Brennelementesteuer:Widerstand der Atomindustrie zeigt Wirkung

Die Regierung wollte die Atomkonzerne als Gegenleistung für längere Laufzeiten zur Kasse bitten, doch sie findet keinen Weg. Gespräche kommen nach SZ-Informationen nicht voran.

M. Bauchmüller u. C. Hulverscheidt

Die Bundesregierung findet trotz aller Bemühungen offenbar keinen Weg, wie sie die Atomindustrie als Gegenleistung für längere Kraftwerkslaufzeiten zur Kasse bitten kann. Die zunächst geplante Einführung einer Brennelementesteuer ist rechtlich umstritten, die Gespräche mit der Branche über eine vertragliche Lösung kommen nach Informationen der Süddeutschen Zeitung kaum voran. Um Zeit zu gewinnen, wird daher jetzt erwogen, den Kabinettsbeschluss über eine neue Abgabe um vier Wochen auf Ende September zu verschieben.

Bayerns Kabinett pocht auf laengere Laufzeit von Kernkraftwerken

Bis Ende September will die Regierung entscheiden, um wie viele Jahre die Laufzeiten der Kernkraftwerke verlängert werden.

(Foto: ddp)

Damit erhielte allerdings auch die Atomwirtschaft zusätzliche Zeit, um eine aus ihrer Sicht zu hohe Belastung zu verhindern.

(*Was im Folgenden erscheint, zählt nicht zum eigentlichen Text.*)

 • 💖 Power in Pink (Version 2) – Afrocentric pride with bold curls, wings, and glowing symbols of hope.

Die Konzerne verlangen zudem, dass der Bund als Gegenleistung für die neue Abgabe unwiderruflich konkrete Restlaufzeiten für die Atommeiler zusagt. Formal gibt es zwischen beiden Punkten gar keinen Zusammenhang. Die Regierung hatte zunächst sogar betont, dass die Steuer unabhängig von der Laufzeitfrage eingeführt wird. Parallel dazu wollte sie die Gewinne aus der Laufzeitverlängerung teilweise abschöpfen und in einen Fonds zur Förderung erneuerbarer Energien stecken. Mittlerweile ist jedoch nur noch von einer Abgabe die Rede, die entweder als Steuer oder aber auf Grundlage eines Vertrags zwischen der Regierung und den Konzernen erhoben werden soll. Die Unternehmen hatten vergangene Woche damit gedroht, bei einem Scheitern der Konsensgespräche ihre Kernkraftwerke abzuschalten.

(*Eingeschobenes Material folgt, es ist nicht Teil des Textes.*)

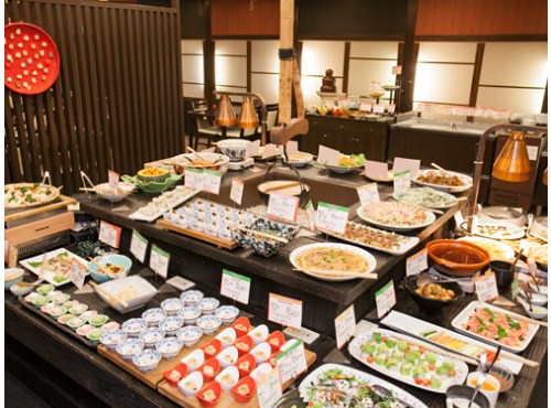 夕食は地元の食材をふんだんに使用した自慢の創作和食ビュッフェ

Bundeskanzlerin Angela Merkel sagte am Mittwoch, wichtig sei nicht die Frage, ob am Ende eine Steuer oder ein Vertrag stehe. Entscheidend sei, dass die Firmen jene 2,3 Milliarden Euro pro Jahr zur Sanierung des Bundeshaushalts beisteuerten, die das Kabinett bei seiner Sparklausur im Juni festgesetzt habe. Andere Regierungsvertreter sorgten zugleich mit unterschiedlichen Aussagen zur Zukunft der Brennelementesteuer für Verwirrung. So verwies das Finanzministerium darauf, dass es am Dienstagabend einen Gesetzentwurf an die Fachressorts versandt habe, der die Einführung der Steuer vorsehe und am 1. September vom Kabinett verabschiedet werden solle. Umweltminister Norbert Röttgen (CDU) erklärte dagegen, er sei sich mit Finanzminister Wolfgang Schäuble (CDU) darüber einig, dass es sinnvoller sei, den Beschluss über die Steuer auf Ende September zu verschieben.

Hintergrund sind die vielen ungelösten Problemen. Dazu zählt zählt die Sorge des Finanzministeriums, der Bund könne mit einem Vertrag unkalkulierbare Risiken eingehen: So wollen die Unternehmen für den Fonds Geld vorstrecken, das sie selbst erst später einnehmen - dann nämlich, wenn sie tatsächlich von längeren Laufzeiten profitieren. Sollte eine künftige Regierung die Regeln für die Kernkraft wieder verschärfen wollen, müsste sie den Konzernen auch die vorgestreckten Milliarden zurückzahlen.

Kommt es nicht zu einem Vertrag, sondern doch zur Einführung der Brennelementesteuer, müssten Eon, RWE, EnBW und Vattenfall nach SZ-Informationen pro Jahr insgesamt 3,1 Milliarden Euro an den Fiskus überweisen. Da sie den Betrag steuerlich absetzen können, verblieben am Ende 2,3 Milliarden in der Staatskasse - exakt jene Summe, die Merkel am Mittwoch als Sparbeitrag der Atomwirtschaft genannt hatte.